On Tue, Jun 19, 2012 at 6:38 AM, jcbollinger
<john.bollin...@stjude.org <mailto:john.bollin...@stjude.org>> wrote:
On Tuesday, June 19, 2012 5:23:42 AM UTC-5, Duncan wrote:
Hi folks, I'm scratching my head with a problem with system load.
When Puppet checks in every hour, runs through all our checks,
then exits having confirmed that everything is indeed as
expected, the vast majority of the time no changes are made.
But we still load our systems with this work every hour just
to make sure. Our current configuration isn't perhaps the
most streamlined, taking 5 minutes for a run.
The nature of our system, however, is highly virtualised with
hundreds of servers running on a handful of physical hosts.
It got me thinking about how to reduce the system load of
Puppet runs as much as possible. Especially when there may be
a move to outsource to virtualisation hosts who charge per CPU
usage (but that's a business decision, not mine).

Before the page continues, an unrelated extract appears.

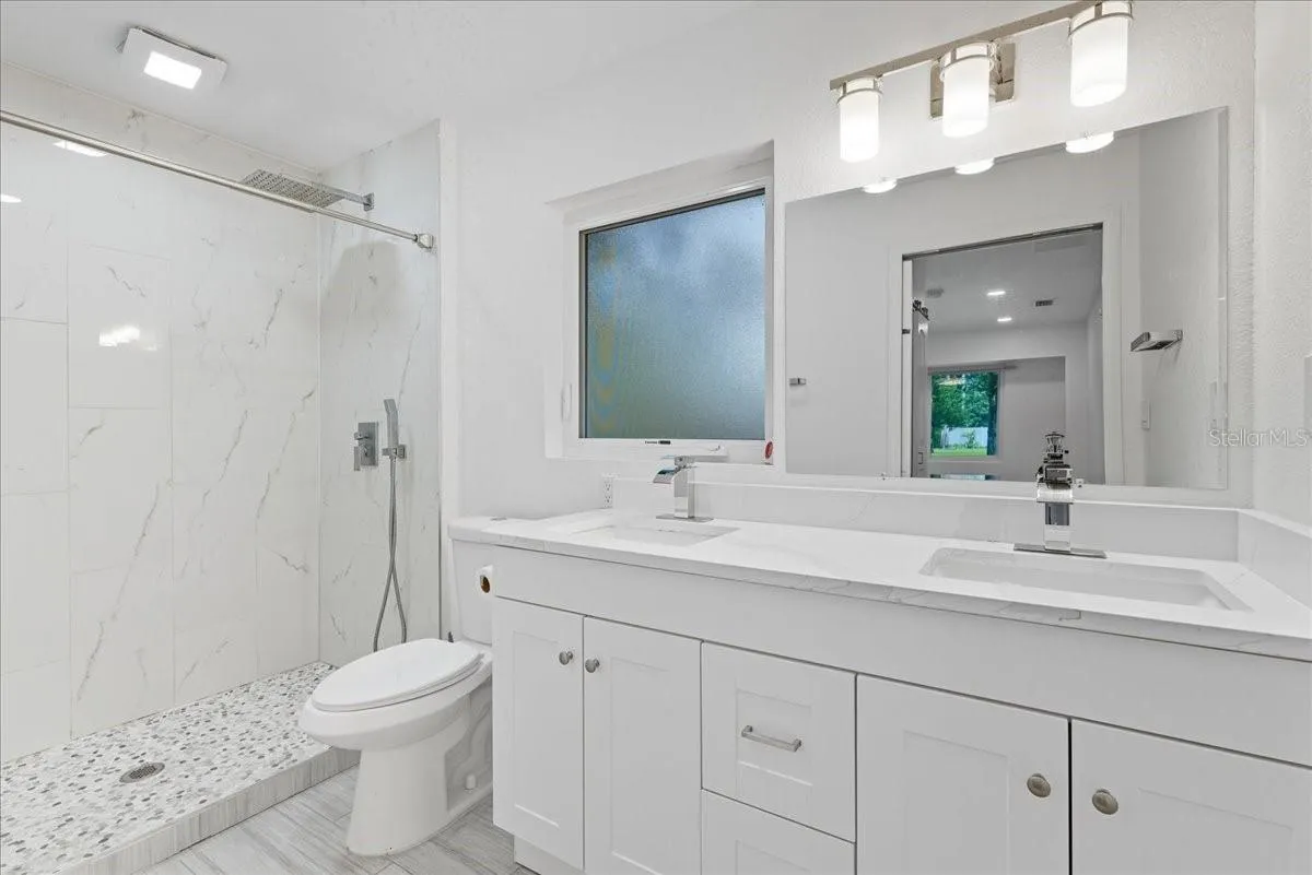 Beautifully appointed and renovated home in the Northwest Gainesville community of Hazel Heights. A professional contractor entirely remodeled this home, and permits were opened and closed. All work and upgrades were completed in January 2024, including new windows, plumbing, kitchen and laundry room. Upgraded electrical, HVAC, gas tankless Rheem water heater, attic insulation, and all exterior walls. New roof, quartz countertops in the kitchen and bathrooms, and you will appreciate the added space provided by a large pantry, a hallway linen closet, and extra cabinet storage in the laundry room. A spacious primary bedroom includes a large walk-in closet, a relaxing walk-in shower with custom tiles, and a dual vanity sink. The ample backyard space lends itself to a family soccer match. Call today for your private tour. Seller is offering flooring credit.

Is there a prescribed method for reducing Puppet runs to only
be done when necessary? Running an md5sum comparison on a
file every hour isn't much CPU work, but can it be configured
so that Puppet runs are triggered by file changes? I know
inotify can help me here, but I was wondering if there's
anything already built-in?
You seem to be asking whether there's a way to make the Puppet
agent run to see whether it should run. Both "no, obviously not"
and "yes, it's automatic" can be construed as correct answers. In
a broader context, anything you run to perform the kind of
monitoring you suggest will consume CPU. You'd have to test to
see whether there was a net improvement.
Consider also that although file checksumming is one of the more
expensive operations Puppet performs, files are not the only
managed resources in most Puppet setups. You'll need to evaluate
whether it meets your needs to manage anything only when some file
changes.
There are things you can do to reduce Puppet's CPU usage,
however. Here are some of them:
* You can lengthen the interval between runs (more than you
already have done).
* You can apply a lighter-weight file checksum method (md5lite
or even mtime).
* You can employ schedules to reduce the frequency at which less
important resources are managed.
* You can minimize the number of resources managed on each node.